# Machine Learning with PyTorch

## Understanding PyTorch

* Tensors and NumPy interfaces
* Autograd
* Using GPUs with `torch.cuda`
* Parallelizing on clusters with `torch.distributed`
* Create a neural network with `torch.nn`

## Tensors and NumPy interfaces

At a first pass, PyTorch tensors are very similar to NumPy arrays.  Both are ways of storing multi-dimensional data efficiently, and much of the same "vectorized" style of operation applies to both. Broadcasting and elementwise operations are similar.  Moreover, many of the same functions and methods exist in both PyTorch and NumPy, and conversion between the two formats is made straightforward by PyTorch.

Where PyTorch tensors go beyond NumPy arrays, and are needed for neural networks are in a couple key areas.  As a not-so-minor matter, tensors can work transparently on GPUs as well as CPUs, and this can often vastly speed up operations.  NumPy does not build in that capability, but a number of projects allow this particular capability to be used outside of PyTorch, in varying ways (see [PyCUDA](https://documen.tician.de/pycuda/array.html), [Numba](https://numba.pydata.org/numba-doc/dev/cuda/index.html), [CuPy](https://cupy.chainer.org/), [MXNet](https://mxnet.incubator.apache.org/versions/master/tutorials/basic/ndarray.html), and probably others).

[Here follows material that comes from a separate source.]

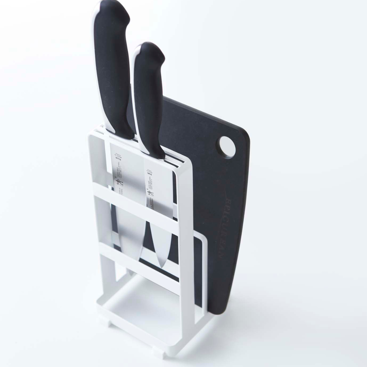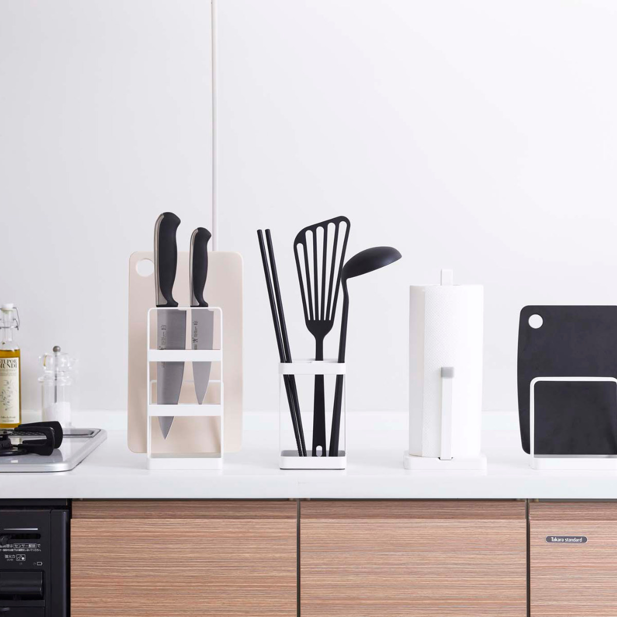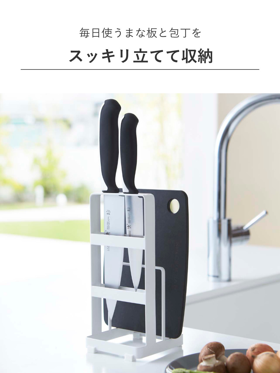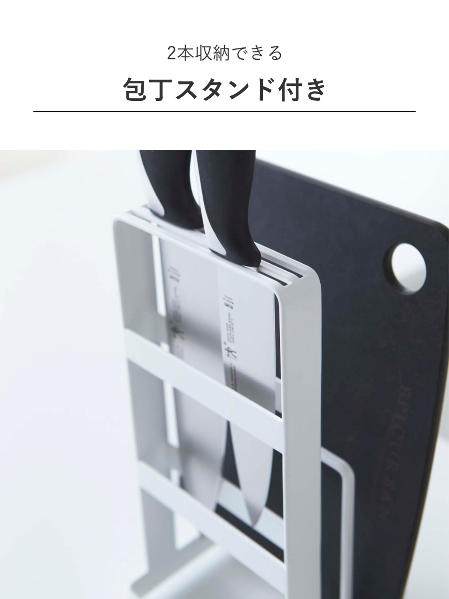 料理中に「使って、洗って、片付ける」を何回も繰り返すことも多いまな板と包丁が収納できるスタンドです。さっと取り出しやすく、風通しの良いシンプルなフレーム構造なので洗ったばかりの包丁やまな板の乾燥にも便利です。

You *could* use PyTorch simply to work with array computation on GPUs, but what is more likely to bring you here is an equally essential capability that is not present in those other mentioned libraries (by design): Autograd.  By storing the gradients from every operation (where autograd is enabled for any component tensors), PyTorch provides reverse automatic differentiation.  That is to say, it gives you a directed acyclic graph whose leaves are the input tensors and roots are the output tensors.  We explain this more below.

## Autograd

In [228]:
import torch

x = torch.randn(3, 3, requires_grad=True)
print("Random 2-D tensor")
print(x)

# Perform an operation on tensor
y = (x + 7) * 5
print("\nRandom 2-D shifted by 7, multiplied by 5")
print(y)

Random 2-D tensor
tensor([[ 0.5615, -1.1130, -1.0479],
        [-0.6518, -0.3695, -1.1789],
        [ 0.4406,  0.3704, -0.1163]], requires_grad=True)

Random 2-D shifted by 7, multiplied by 5
tensor([[37.8076, 29.4348, 29.7605],
        [31.7411, 33.1524, 29.1055],
        [37.2028, 36.8518, 34.4184]], grad_fn=<MulBackward0>)


In [232]:
v = torch.tensor([[1, 2, 3],
                  [4, 5, 6],
                  [7, 8, 9]], dtype=torch.float)

# grad_fn is derivative, so offset does not matter to slope
y.grad_fn(v)

(tensor([[ 5., 10., 15.],
         [20., 25., 30.],
         [35., 40., 45.]]), None)

In [237]:
# Perform an additional vectorized operation, then a reduction
z = y * 3
out = z.mean()

print("Multiplied by 3")
print(z)
print("\nMean of values")
print(out)

Multiplied by 3
tensor([[113.4228,  88.3044,  89.2815],
        [ 95.2233,  99.4572,  87.3164],
        [111.6083, 110.5554, 103.2551]], grad_fn=<MulBackward0>)

Mean of values
tensor(99.8249, grad_fn=<MeanBackward1>)


In [258]:
grad = out.grad_fn
indent = 1
while True:
    print(" "*indent, "-->", grad)
    if not grad.next_functions:
        break
    grad = grad.next_functions[0][0]
    indent += 1

  --> <MeanBackward1 object at 0x11df8d0b8>
   --> <MulBackward0 object at 0x11d4d9a20>
    --> <MulBackward0 object at 0x11df82cf8>
     --> <AddBackward0 object at 0x11df8d240>
      --> <AccumulateGrad object at 0x11df8d358>


In [174]:
import torch

N, D_in, H, D_out = 64, 1000, 100, 10

x = torch.randn(N, D_in, dtype=torch.float, requires_grad=False)
y = torch.randn(N, D_out, dtype=torch.float, requires_grad=False)

w1 = torch.randn(D_in, H, dtype=torch.float, requires_grad=True)
w2 = torch.randn(H, D_out, dtype=torch.float, requires_grad=True)

learning_rate = 1e-6
for t in range(500):
    y_pred = x.mm(w1).clamp(min=0).mm(w2)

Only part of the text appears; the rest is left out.